Maternity Flashcards
- What does the rupture of membranes represent?
A hole/tear forms in the amniotic sac, can either be spontaneous, most often after active labour has started, or can be ruptured by a doctor/midwife. It is normally a cloudy-white - amber-straw colour and has a sweeter smell or no smell.
Lying down more likely to feel gush than standing because baby’s head acts a plug.
- What are the characteristics of first and second stage of labour?
First: onset of contractions every 2-20mins, 20-60secs, duration to full cervical dilation
Second: full cervical dilation to birth of the baby - primipara 1-2hrs, multipara 15-45mins
- What are considerations for maternity destination?

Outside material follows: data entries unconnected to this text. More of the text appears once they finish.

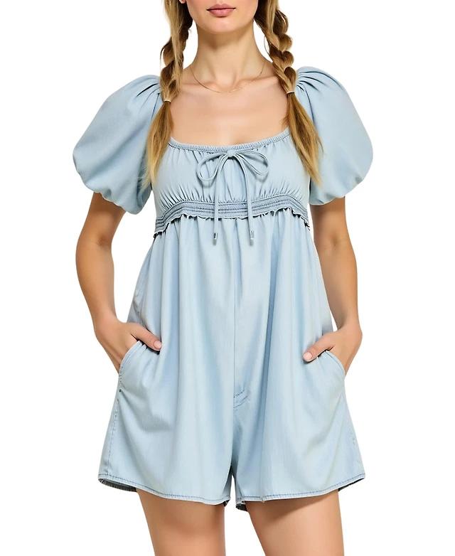 Modenaire Women's Puff-Sleeve Tie-Front Empire-Waist Romper
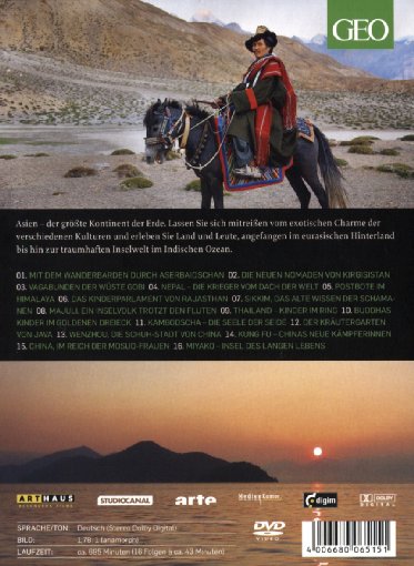 Auf 4 DVDs werden 16 spannende Geschichten über besondere Orte und Menschen in Asien präsentiert, die einen faszinierenden Blick auf die verborgenen Schätze des Kontinents erlauben.
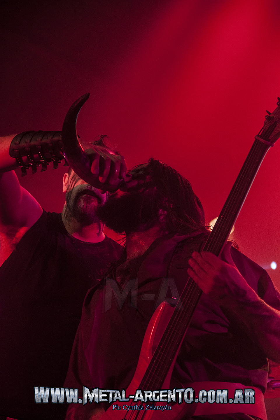 Las banda que inició la jornada alrededor de las 19 hs fue Naufragant, aunque solo llegamos a presenciar los últimos acordes. Luego se presentó Vorgrum, con una fuerte propuesta visual y sonora. Realizan un folk/pagan metal, con fuertes ingredientes black. Blast beats, tremolos y corpse paint conviven con melodías fiesteras que despiertan las rondas entre el público. Su set estuvo conformado mayormente por temas de su álbum de estudio Last Domain (2015).
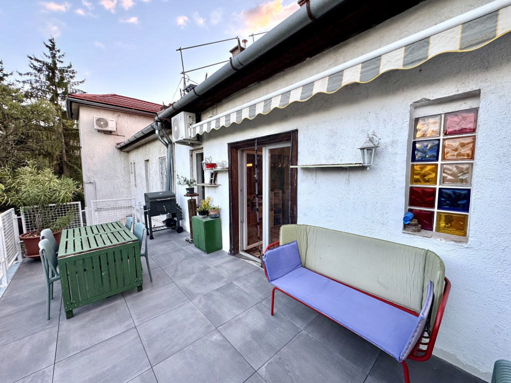 Az ingatlan alapvetően jó állapotú, villany- vízvezetékeket, műanyag nyílászárókat (nem mind) kicserélték, fürdőszoba teljes felújításon esett át, kádat és zuhanyzót is kapott. Wc külön található, mindkettő ablakos. Kombi cirkó kazán egész belsejét 2 éve kicserélték, egy külön kis helyiségben található a fürdő mellett, ahol a mosógép is. A szobák igazi faparkettásak, a többi helyiség járólappal burkolt. Az amerikai konyhás nappali 63 m2, ezért ezen a szinten könnyedén leválasztható egy kényelmes méretű hálószoba igény szerint. Innen jutunk ki egy tágas 21 m2-es teraszra, mely rendkívül napfényes, hangulatos. Az emeleten található egy bruttó 12 és 11,3 m2-es hálószoba, valamint egy kis gardrób helyiség, ahol van víz kiállás. Ennek a szintnek a nettó (190 feletti) alapterülete 15 m2, a bruttó (190 alatti rész felével együtt) 29,4 m2. A maximális belmagasság itt 2 méter, az alsó szinten 280 cm. Klimatizált a felső emelet, tavaly lett kicserélve a klíma berendezés.
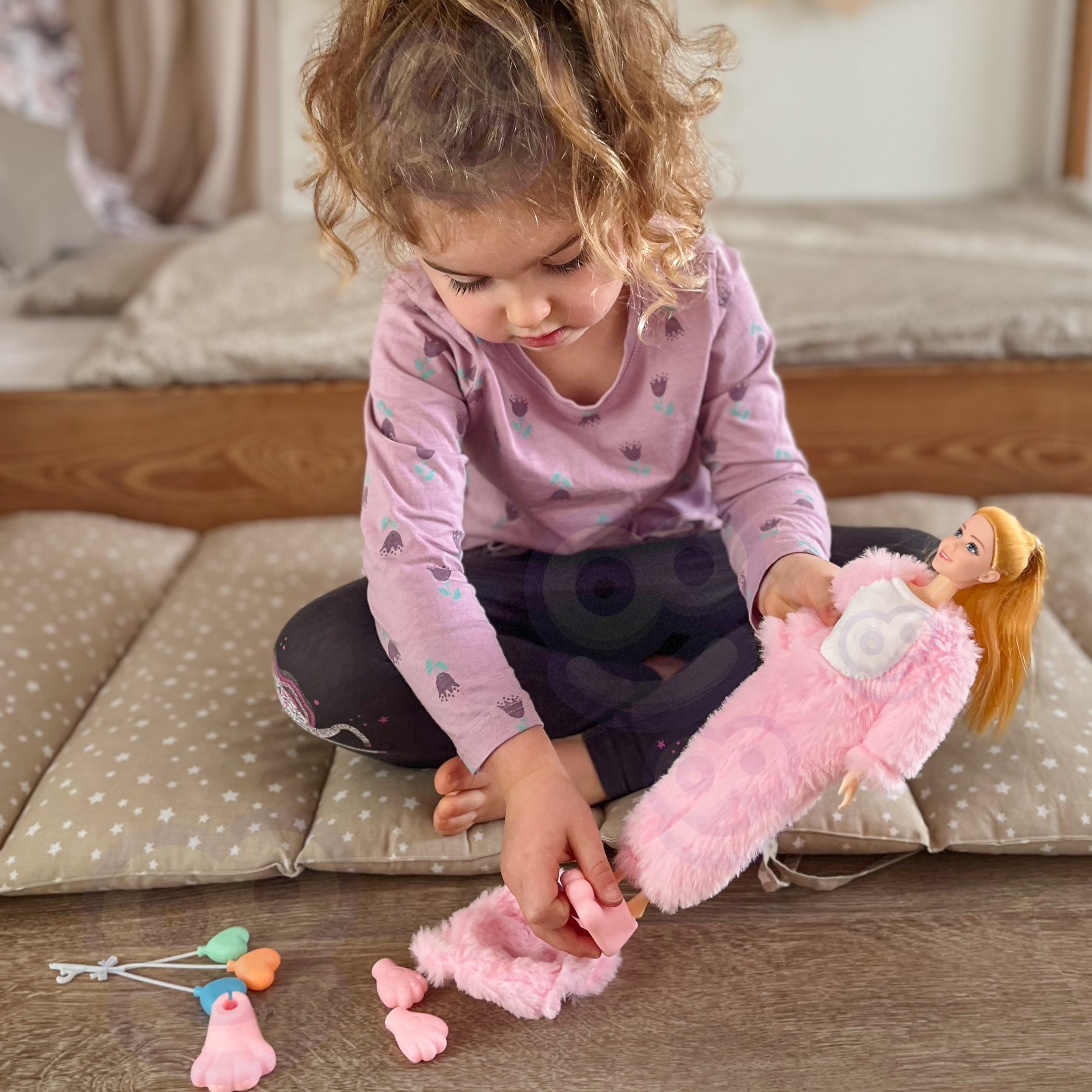 Lalka MIŚ w lunaparku od marki WOOPIE! – magiczna zabawa w parku rozrywki! Przenieś się do świata kolorów i radości z lalką w przebraniu misia, która uwielbia spędzać czas w wesołym miasteczku! Lalka ubrana jest w uroczy, miękki strój który można zdejmować i zmieniać jej styl. W zestawie znajdziesz również kolorowe baloniki w kształcie serc i bilety do parku, co zapewni wiele godzin kreatywnej zabawy. Zabawka wykonana z dbałością o szczegóły zachwyci każdą małą miłośniczkę lalek i bajkowych przygód. Idealna dla dzieci od 3 roku życia – rozwija wyobraźnię, empatię i zdolności manualne!
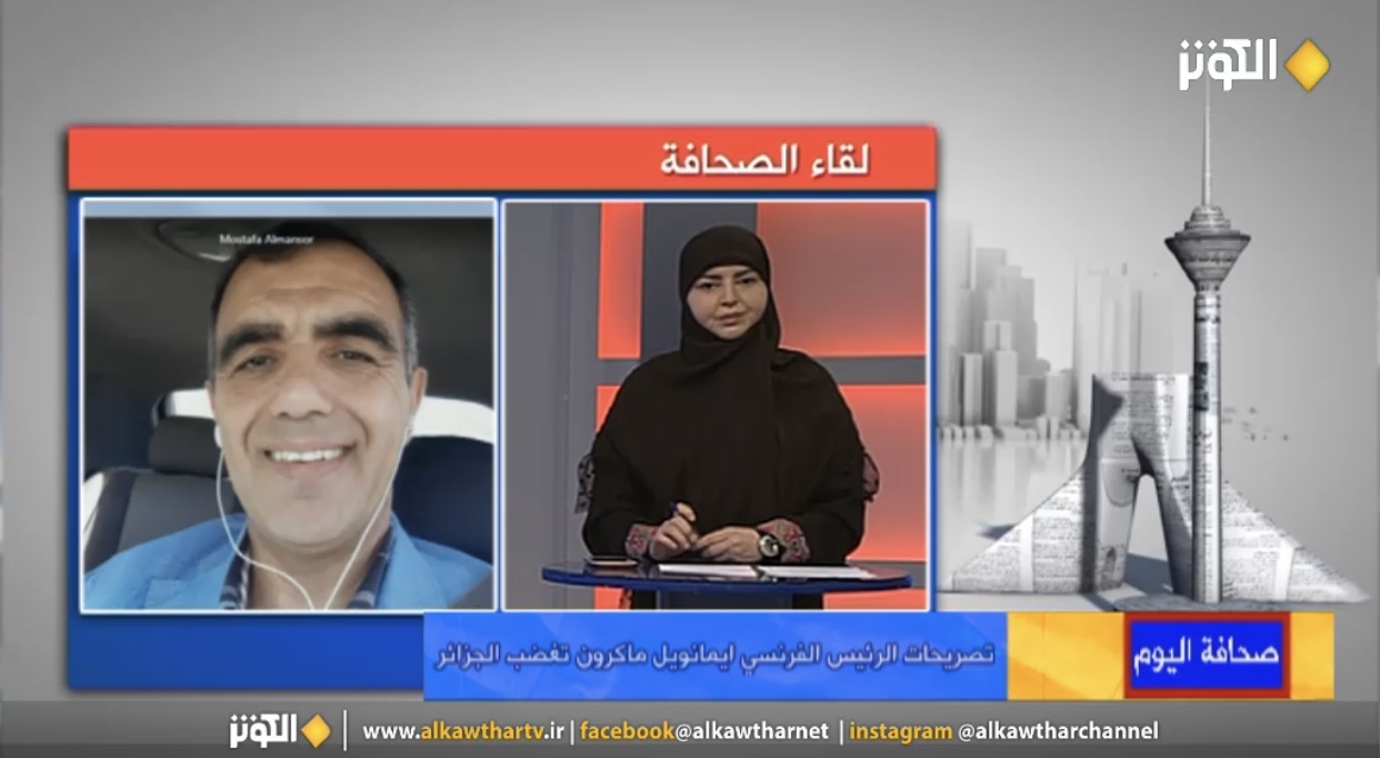 لقاء الصحافة حمل عنوان: تصريحات الرئيس الفرنسي ايمانويل ماكرون تغضب الجزائر واستضفنا عبر الهاتف من  الجزائر الإعلامي والمحلل السياسي عمار بن جدة.
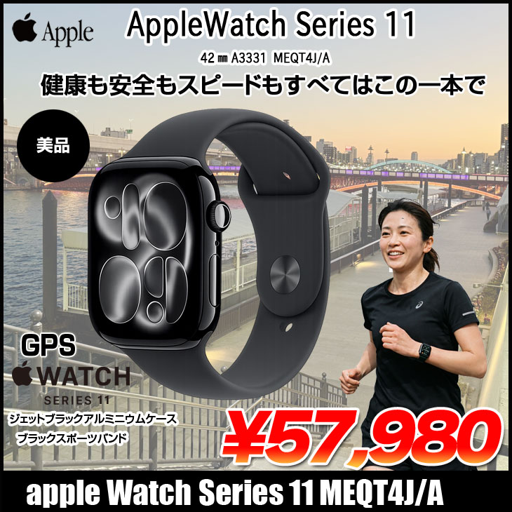 【中古】Apple Watch 11 (GPSモデル)42mm MEQT4J/A A3331 [ジェットブラックアルミニウムケース スポーツバンド42mm(S/M)] アップルウォッチ11:美品
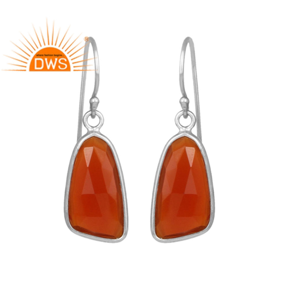 ต่างหูห้อยอัญมณีโอนิกซ์สีแดงธรรมชาติสีเงินสเตอร์ลิงสี925แบบปรับแต่งได้ตามต้องการ
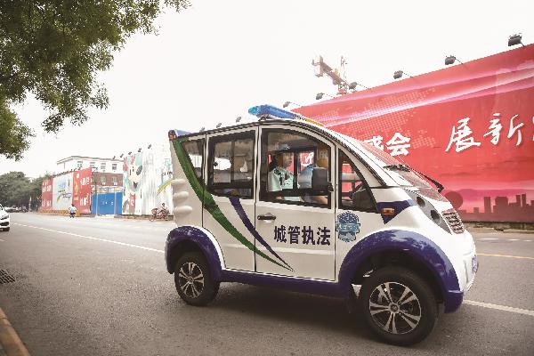 日前,記者在我區(qū)多條道路上均見(jiàn)到藍(lán)白相間的電動(dòng)執(zhí)法車在街上巡邏,據(jù)了解,這是我區(qū)城管執(zhí)法局投入的新“裝備”。
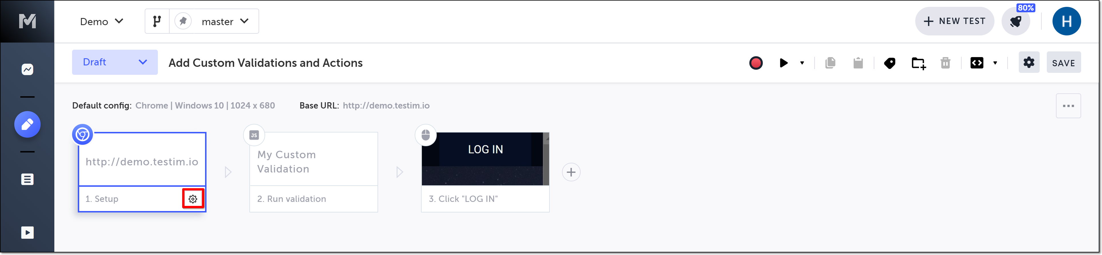 Setup Step in the Test Editor – Every test has its own default configuration accessible from the property panel of the test’s Setup step. The configuration parameters that are set in the test’s default configuration will apply unless the test is run from the CLI or a scheduler with a different configuration.
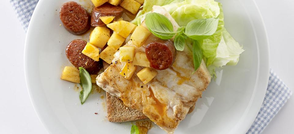 Stegt kuller med ristet ananas og sprødstegt chorizo
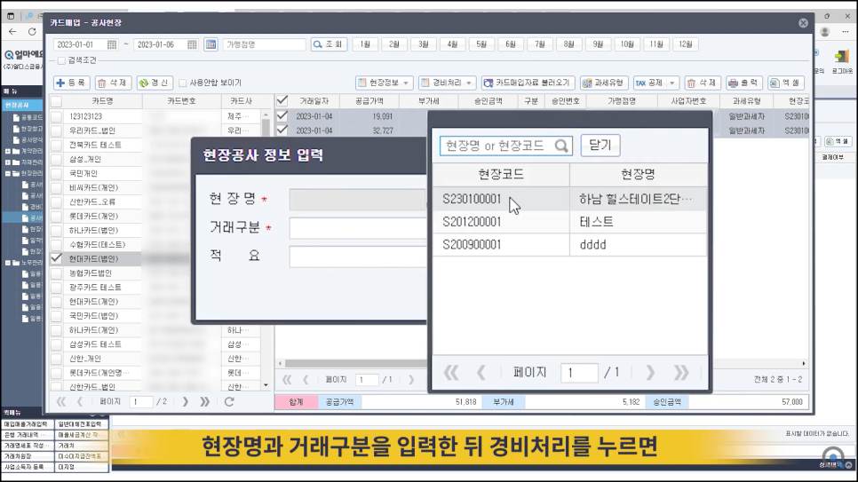 건설업이라면 당연히 현장별 구분이 되어 있는 회계 프로그램을 도입하여,
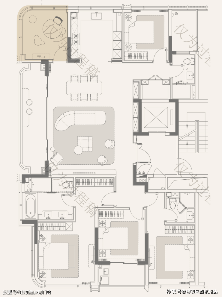 天澜传序府建筑面积约265方的户型,更是直接就做出了大平层,才有的尺度感——

> 36 weeks and uncomplicated Tx to booked maternity unit/closest
32-36 weeks consult PIPER
<32 weeks Tx to closest of Women’s, Mercy, Women Heidelberg or MMC
*Not to Alfred unless in cardiac arrest <24 weeks gestation with mCPR in progress
- What is the Rx for pre-eclampsia?
- Severe HTN SBP>170 or DBP>110 and pre-eclampsia s&s - consult with PIPER to Mx HTN
- Seizure activity: Mx as per CPG, left lateral tilt, High flow O2
- What are the S+S of pre-ecmlampsia?
- Headache
- Cerebral irritation/agitation
- Visual disturbances (flashing lights, shimmering)
- N/V
- Heartburn
- Hyper-reflexia
- Elevation of 20mmHg above normal BP may be sufficient sign if other Sx present
- What are the main steps to consider for a Normal Birth?
- As head advances encourage mother to push with each contraction, if birthing too fast encourage mother to pant instead
- Gentle pressure to perineum to reduce tear
- Note time of head delivery
- Check for umbilical cord around neck, if loose unwrap, if tight encourage pushing, otherwise clamp and cut cord
- Gentle downwards pressure to deliver anterior shoulder and upward for posterior, note time of birth - if body fails to deliver <60secs after head Mx as shoulder dystocia
- Cord - wait for it to stop pulsating 1-2mins - clamp 10cm from baby and second a further 5cm
- Placenta takes 15-60mins, position sitting/squatting, breast feeding may assist separation - ask mother to push - ease out with see-saw motion, note time of delivery and place into container
- Don’t massage fundus once firm
- What should be done in the setting of imminent breech birth with back not uppermost?
Position mother kneeling on all fours to allow restitution.
- What are key things to remember and encourage for mother during breech birth?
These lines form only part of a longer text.